RobertRyan wrote:
Well the rest of the world has diesel prices which are higher, than Gas engines, your statement seems confused. No your E350 sounds unpowered , anything can pull a GVWR of 11,800lbs, even a Sprinter. Yes with a low gearing, it would drive up steep hills with a load, but it's modest torque output VERY SLOWLY.
The ECoBoost due to its torque and horspwer delivery would have considerable less GVWR than the Diesel version. That is born out by looking the GVWR Transit compared to the Diesel version
What is confusing about my statement(s)?
BTW, I have an E450, not an E350.
I implied that diesel prices in NA are higher than gasoline prices in NA almost enough to offset diesel's better gas mileage - hence their fuel cost per mile advantage is getting less and less and may soon be nonexistent. I'm of the opinion that that's going to eventually happen all over the world.

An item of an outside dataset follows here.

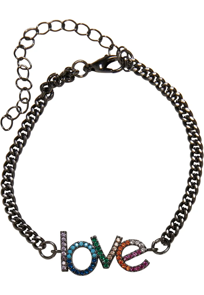 Mit seinem bunten Love-Anhänger aus feinen Steinchen hat dieses Armband eine klare Botschaft zu verkünden. Der Schriftzug ist in eine feine, dunkle Kette mit Flachpanzergliedern integriert und macht ordentlich was her. Das Urban Classics Armband besteht aus Messing und Eisen und kommt in zwei Größen.

The E450 under my RV has a GVWR of 14,050 lbs.. My actual RV's weight is only around 11,800 lbs. ... so it's under-loaded versus what it's designed to carry weight-wise and gearing-wise. This means it's 310 horsepower can out-pull and out-accelerate any diesel of lesser horsepower carrying the same 11,800 lbs., if and only if, one doesn't try to compare the turbo-charging of the diesel with the non-turbo-charging of the V10 at high altitudes.
The E450 under my RV has a rear differential ratio of 4:56 to tap it's horsepower for conversion into drive alxe torque that, like I said, is where the real torque is needed ... not merely crankshaft torque like a diesel has. A diesel will have a much smaller rear differential ratio merely because less conversion of it's lower horsepower is needed due to it's higher intrinsic crankshaft torque values. The only pulling power difference of a diesel is that you merely have to push in it's fuel pedal to get more power instead of both pushing in the fuel pedal combined with a gear change in a gas engine. Diesel fans (must/apparently) hate higher engine RPM's, so a lesser-shifting motor technology is where they flock to.
Diesel fans always boast that higher crankshaft torque counts for more than proper base horsepower - that can then be easily converted into drive axle torque via gearing.
I can hardly wait until the Eco-Boost technology has been around enough to prove that diesels only advantage is the sound of it's lower RPM.